Additional things to keep in mind include:

The general rule is: Drawing a small sample from a highly-skewed distribution is not guaranteed to produce “average” behavior. Duh, no surprise there!

Again: the source entropy S in equation 16 is a single number that characterizes the “average” behavior of the source. For a small sample from a highly-skewed distribution, S doesn’t tell you everything you need to know. This has no bearing on the definition of entropy; entropy is always defined by equation 16. It just means that equation 16 by itself doesn’t solve all the world’s problems.

In practice, we don’t have too much of a problem with skewed distributions, for two reasons: First of all, the raw data from a typical soundcard is not terribly skewed. It could perhaps be skewed if the card is producing much less than 1 bit of surprise value per sample ... but such cards produce so little randomness that you ought to re-engineer the system to use a better card. Secondly, turbid is somewhat protected by the fact that the hash function has a reasonably-wide output word. By the time the input buffer contains enough randomness to saturate the hash function, the law of large numbers has taken hold sufficiently to wash out any small amount of skew that may be present. That is, the average surprise value (averaged over a bufferful of data) converges reasonably quickly to the source entropy.

C  Soundcard Quirks

This section is a collection of details about certain soundcards. (You can refer back to table 4 for a summary of the performance of a few soundcards. Also, section 12 provides step-by-step procedures that apply to “generic” soundcards.)

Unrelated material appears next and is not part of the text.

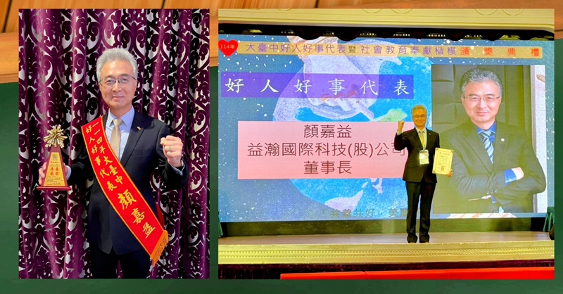 「大臺中好人好事代表暨年度全國社會教育奉獻楷模選拔頒獎典禮」10月24日假臺中市潮港城會館盛大舉行。益瀚國際科技 董事長顏嘉益學長(67機械信)長年以「取之於社會、用之於社會」的信念投身公益,榮獲「大台中好人好事代表」殊榮,展現出企業領袖兼具社會責任與教育關懷的典範風範。

Soundcards generally include mixer functions. You have to initialize the mixer, to set the sliders on the features you want and/or to set the switches to bypass the features you don’t want. This is a bit of a black art, because the soundcards typically don’t come with any “principles of operation” documentation.

Graphical user interface (GUI) programs such as alsamixer may help you make some settings, but may not suffice to fully configure the mixer. All too often, the card has “routing switches” and other features that the GUI doesn’t know about. A reasonable procedure that gives complete control is to invoke “alsactl -f record.ctl store”, edit record.ctl, then “alsactl -f record.ctl restore”. Or you can use amixer to fiddle one setting without disturbing others.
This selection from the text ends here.